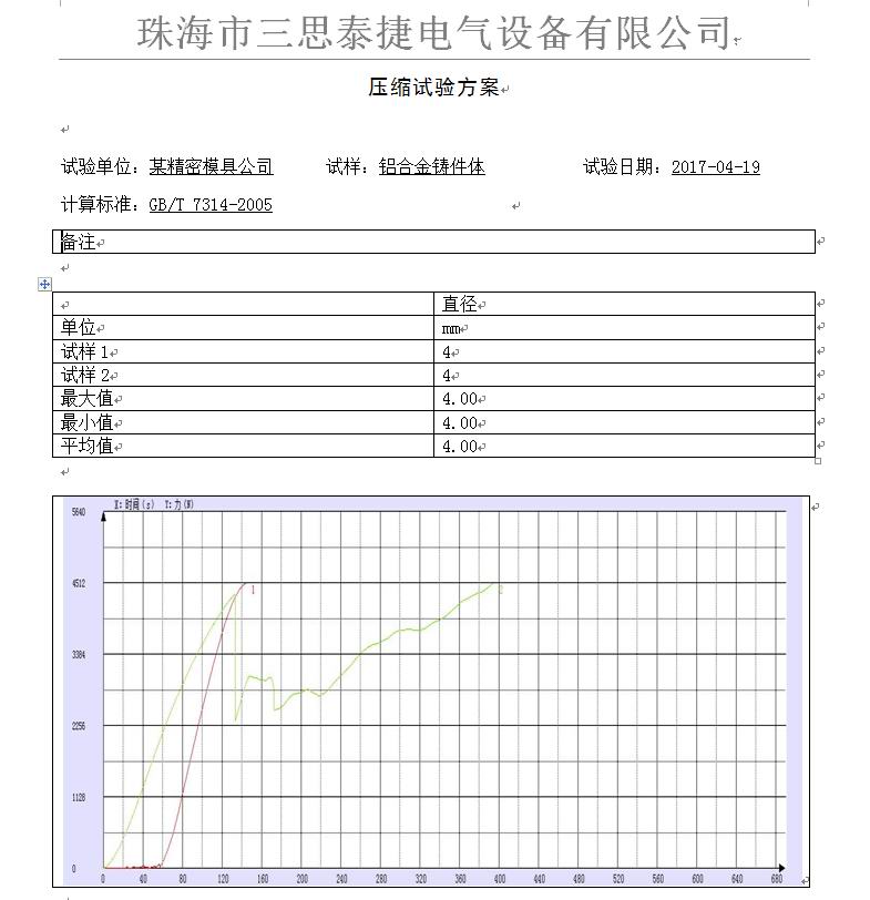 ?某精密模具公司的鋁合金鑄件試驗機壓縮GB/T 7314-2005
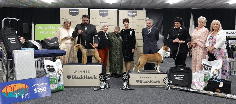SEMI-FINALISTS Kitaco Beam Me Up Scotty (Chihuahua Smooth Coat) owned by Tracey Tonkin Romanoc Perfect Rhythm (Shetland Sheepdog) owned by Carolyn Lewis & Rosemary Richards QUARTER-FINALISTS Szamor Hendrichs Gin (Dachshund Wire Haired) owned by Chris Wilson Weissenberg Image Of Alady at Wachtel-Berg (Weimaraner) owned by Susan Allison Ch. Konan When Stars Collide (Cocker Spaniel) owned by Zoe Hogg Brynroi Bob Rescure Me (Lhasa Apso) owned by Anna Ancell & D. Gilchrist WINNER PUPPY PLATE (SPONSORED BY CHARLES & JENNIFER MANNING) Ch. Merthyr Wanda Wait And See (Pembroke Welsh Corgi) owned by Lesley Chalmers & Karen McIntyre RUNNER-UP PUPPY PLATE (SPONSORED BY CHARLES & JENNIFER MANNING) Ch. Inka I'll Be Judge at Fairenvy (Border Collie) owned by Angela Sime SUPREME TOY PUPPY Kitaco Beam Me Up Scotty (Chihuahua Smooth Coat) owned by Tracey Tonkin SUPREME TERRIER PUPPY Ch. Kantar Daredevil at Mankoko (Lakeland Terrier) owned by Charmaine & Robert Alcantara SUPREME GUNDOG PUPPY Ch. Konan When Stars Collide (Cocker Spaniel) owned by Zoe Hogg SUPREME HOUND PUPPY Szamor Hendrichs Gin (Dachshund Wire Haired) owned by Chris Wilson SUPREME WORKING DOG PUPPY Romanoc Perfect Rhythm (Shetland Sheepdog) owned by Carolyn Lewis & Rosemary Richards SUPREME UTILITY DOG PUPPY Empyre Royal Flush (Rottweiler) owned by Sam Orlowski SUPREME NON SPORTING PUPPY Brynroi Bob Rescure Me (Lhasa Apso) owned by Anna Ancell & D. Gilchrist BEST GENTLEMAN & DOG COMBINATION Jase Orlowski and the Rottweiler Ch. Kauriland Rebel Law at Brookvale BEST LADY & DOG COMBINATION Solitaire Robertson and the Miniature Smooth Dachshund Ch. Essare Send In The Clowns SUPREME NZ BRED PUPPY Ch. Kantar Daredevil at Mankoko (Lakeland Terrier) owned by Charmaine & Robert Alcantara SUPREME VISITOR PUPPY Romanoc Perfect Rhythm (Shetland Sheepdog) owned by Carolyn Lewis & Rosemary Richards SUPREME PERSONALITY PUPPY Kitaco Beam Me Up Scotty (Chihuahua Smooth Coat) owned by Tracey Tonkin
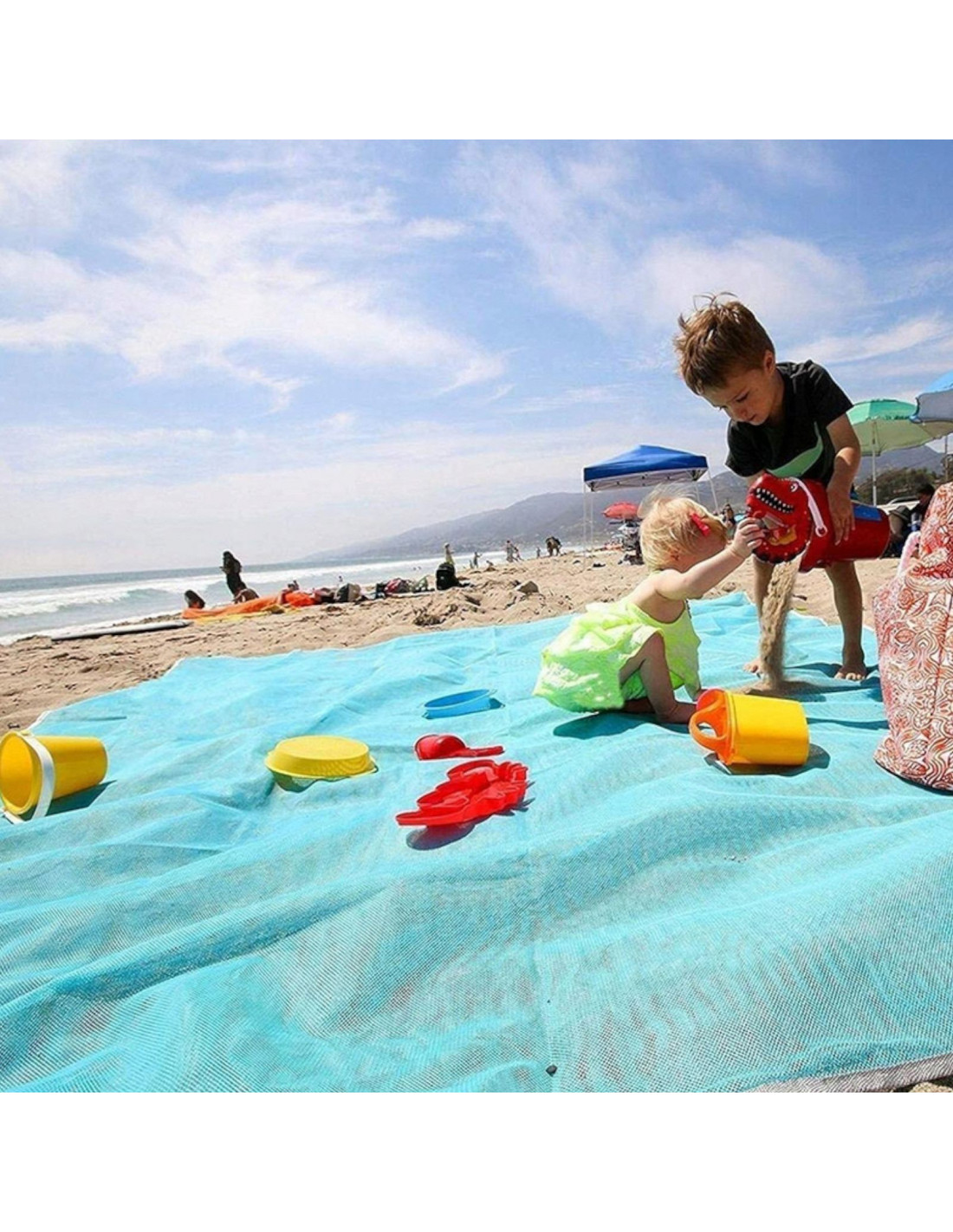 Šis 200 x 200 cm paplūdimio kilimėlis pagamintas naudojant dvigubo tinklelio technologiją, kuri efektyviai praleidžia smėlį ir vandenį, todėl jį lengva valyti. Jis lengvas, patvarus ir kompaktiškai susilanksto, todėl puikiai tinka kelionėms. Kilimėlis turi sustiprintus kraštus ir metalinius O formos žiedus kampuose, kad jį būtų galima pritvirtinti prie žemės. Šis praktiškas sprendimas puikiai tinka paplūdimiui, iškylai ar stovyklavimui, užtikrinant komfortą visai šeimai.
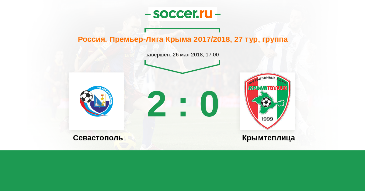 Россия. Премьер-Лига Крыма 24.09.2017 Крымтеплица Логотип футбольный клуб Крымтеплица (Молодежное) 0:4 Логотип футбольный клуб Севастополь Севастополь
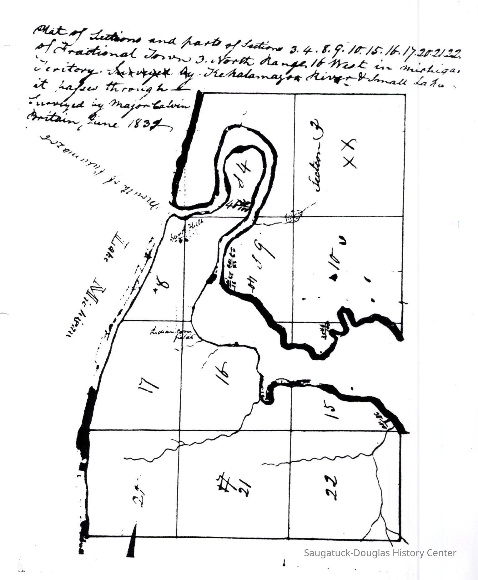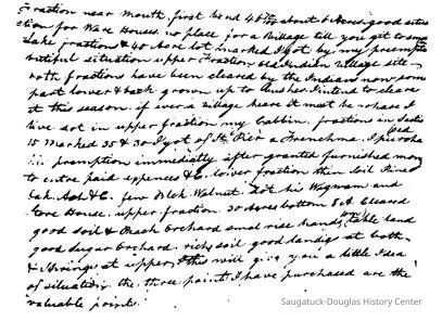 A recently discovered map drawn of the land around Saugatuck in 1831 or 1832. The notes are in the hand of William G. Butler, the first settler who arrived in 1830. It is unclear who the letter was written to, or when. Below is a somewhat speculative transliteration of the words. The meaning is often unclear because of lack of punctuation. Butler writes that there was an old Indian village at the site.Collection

▸ **REQUIRED ACTION**:
Without the pictures, give back every record precisely as shown.

▸ **RESPONSE FOR THIS EXERCISE**:
 ?某精密模具公司的鋁合金鑄件試驗機壓縮GB/T 7314-2005
SEMI-FINALISTS Kitaco Beam Me Up Scotty (Chihuahua Smooth Coat) owned by Tracey Tonkin Romanoc Perfect Rhythm (Shetland Sheepdog) owned by Carolyn Lewis & Rosemary Richards QUARTER-FINALISTS Szamor Hendrichs Gin (Dachshund Wire Haired) owned by Chris Wilson Weissenberg Image Of Alady at Wachtel-Berg (Weimaraner) owned by Susan Allison Ch. Konan When Stars Collide (Cocker Spaniel) owned by Zoe Hogg Brynroi Bob Rescure Me (Lhasa Apso) owned by Anna Ancell & D. Gilchrist WINNER PUPPY PLATE (SPONSORED BY CHARLES & JENNIFER MANNING) Ch. Merthyr Wanda Wait And See (Pembroke Welsh Corgi) owned by Lesley Chalmers & Karen McIntyre RUNNER-UP PUPPY PLATE (SPONSORED BY CHARLES & JENNIFER MANNING) Ch. Inka I'll Be Judge at Fairenvy (Border Collie) owned by Angela Sime SUPREME TOY PUPPY Kitaco Beam Me Up Scotty (Chihuahua Smooth Coat) owned by Tracey Tonkin SUPREME TERRIER PUPPY Ch. Kantar Daredevil at Mankoko (Lakeland Terrier) owned by Charmaine & Robert Alcantara SUPREME GUNDOG PUPPY Ch. Konan When Stars Collide (Cocker Spaniel) owned by Zoe Hogg SUPREME HOUND PUPPY Szamor Hendrichs Gin (Dachshund Wire Haired) owned by Chris Wilson SUPREME WORKING DOG PUPPY Romanoc Perfect Rhythm (Shetland Sheepdog) owned by Carolyn Lewis & Rosemary Richards SUPREME UTILITY DOG PUPPY Empyre Royal Flush (Rottweiler) owned by Sam Orlowski SUPREME NON SPORTING PUPPY Brynroi Bob Rescure Me (Lhasa Apso) owned by Anna Ancell & D. Gilchrist BEST GENTLEMAN & DOG COMBINATION Jase Orlowski and the Rottweiler Ch. Kauriland Rebel Law at Brookvale BEST LADY & DOG COMBINATION Solitaire Robertson and the Miniature Smooth Dachshund Ch. Essare Send In The Clowns SUPREME NZ BRED PUPPY Ch. Kantar Daredevil at Mankoko (Lakeland Terrier) owned by Charmaine & Robert Alcantara SUPREME VISITOR PUPPY Romanoc Perfect Rhythm (Shetland Sheepdog) owned by Carolyn Lewis & Rosemary Richards SUPREME PERSONALITY PUPPY Kitaco Beam Me Up Scotty (Chihuahua Smooth Coat) owned by Tracey Tonkin
 Šis 200 x 200 cm paplūdimio kilimėlis pagamintas naudojant dvigubo tinklelio technologiją, kuri efektyviai praleidžia smėlį ir vandenį, todėl jį lengva valyti. Jis lengvas, patvarus ir kompaktiškai susilanksto, todėl puikiai tinka kelionėms. Kilimėlis turi sustiprintus kraštus ir metalinius O formos žiedus kampuose, kad jį būtų galima pritvirtinti prie žemės. Šis praktiškas sprendimas puikiai tinka paplūdimiui, iškylai ar stovyklavimui, užtikrinant komfortą visai šeimai.
 Россия. Премьер-Лига Крыма 24.09.2017 Крымтеплица Логотип футбольный клуб Крымтеплица (Молодежное) 0:4 Логотип футбольный клуб Севастополь Севастополь
 A recently discovered map drawn of the land around Saugatuck in 1831 or 1832. The notes are in the hand of William G. Butler, the first settler who arrived in 1830. It is unclear who the letter was written to, or when. Below is a somewhat speculative transliteration of the words. The meaning is often unclear because of lack of punctuation. Butler writes that there was an old Indian village at the site.Collection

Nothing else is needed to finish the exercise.